Epikrates nodded. “It came about almost within my lifetime. People who have earned no pride in themselves are content to be proud of their cities through other men. The end will be that the city has nothing left for pride, except the dead, who were proud less easily…Well, with music every man’s good is ours. Come, let me hear it again; this time, with a little more of what the composer wrote.”

Alexander slung and strapped on the big instrument sideways to his breast, the bass strings nearest; he tested them softly with his left-hand fingers, the trebles with the plectrum in his other hand. His head inclined a little, his eyes rather than his ears seemed to be listening.
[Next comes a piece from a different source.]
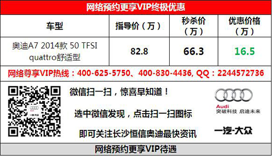 【湖南车市讯】长沙奥迪A7现车销售,市场指导价828000,现在最高优惠165000元,秒杀价663000元。限量一台,车源以到店为准。长沙恒信奥迪金融特供季有“0”月供、18期“0”利率、2成低首付、18期超长贴息等多种金融政策,还特别推出的“品荐二手车”活动,置换成功更可享置换大礼包!更多优惠尽在长沙恒信奥迪城市展厅,通过网络和电话咨询优惠更多,咨询热线:400-625-5750、400-830-4436
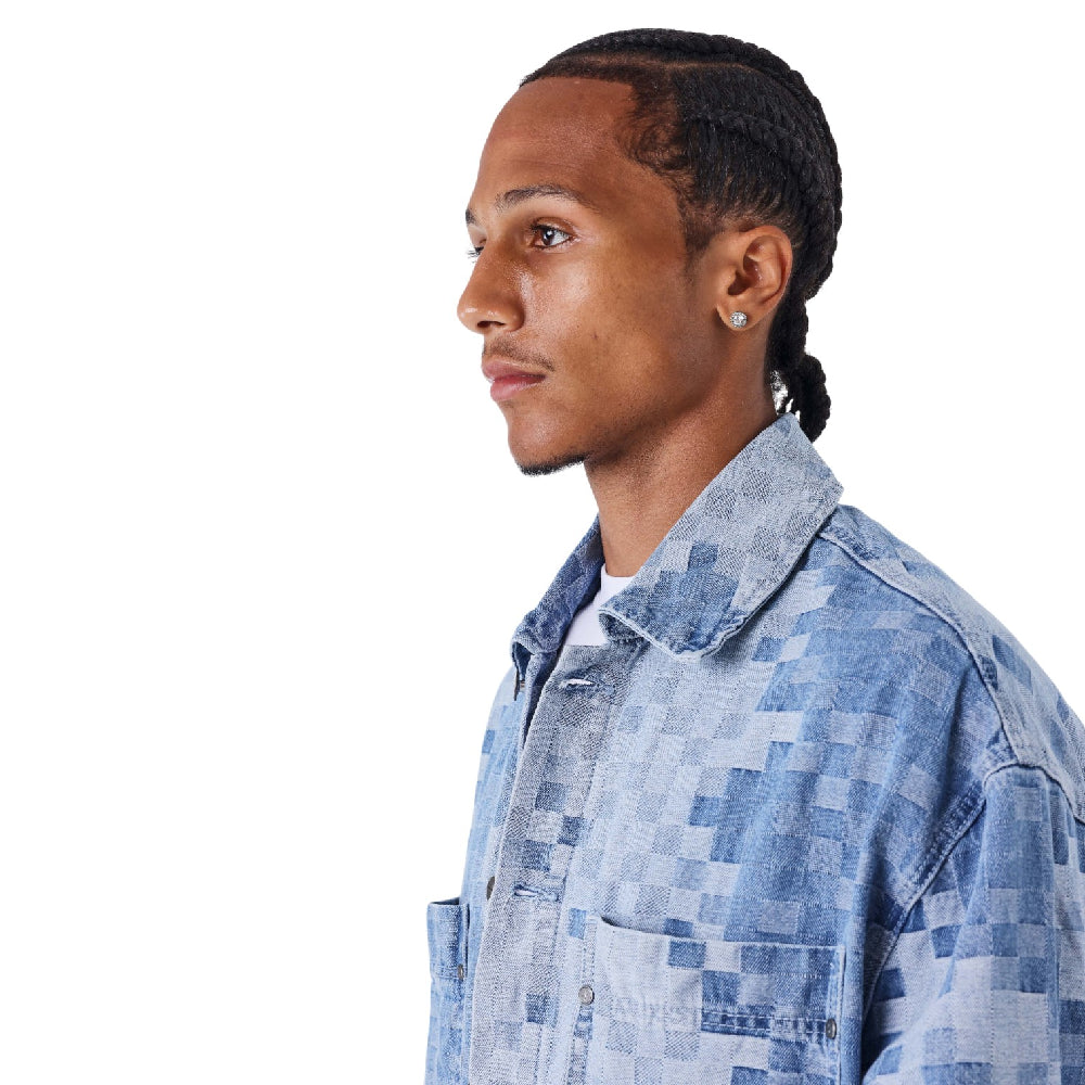 Step up your streetwear game with the Pixelated Checkered Denim Jacket Blue from PXP - PROJECT X PARIS. This bold piece channels the brand’s edgy Parisian roots, combining a classic denim vibe with a modern pixelated checkered pattern in cool blue tones. Designed for men who want to make a statement, its oversized fit and timeless collar deliver effortless urban style with a creative twist. Perfect for layering over jeans or cargo pants, this jacket is a versatile staple for any contemporary streetwear wardrobe.

Epikrates watched him with exasperation mingled with love, asking himself as usual whether, if he had refused to understand the boy, he could have taught him better. No; more likely he would simply have given it up. Before he was ten, he had already known enough to strum a lyre at supper like a gentleman. No one would have insisted on his learning more.

He struck three sonorous chords, played a long rippling cadenza, and began to sing.

At an age when the voices of Macedonian boys were starting to roughen, he kept a pure alto which had simply gained more power. As it went soaring up with the high grace notes flicked by the plectrum, Epikrates wondered that this never seemed to trouble him. Nor did he hesitate to look bored when other lads were exchanging the obsessive smut of their years. A boy never seen afraid can dictate his terms.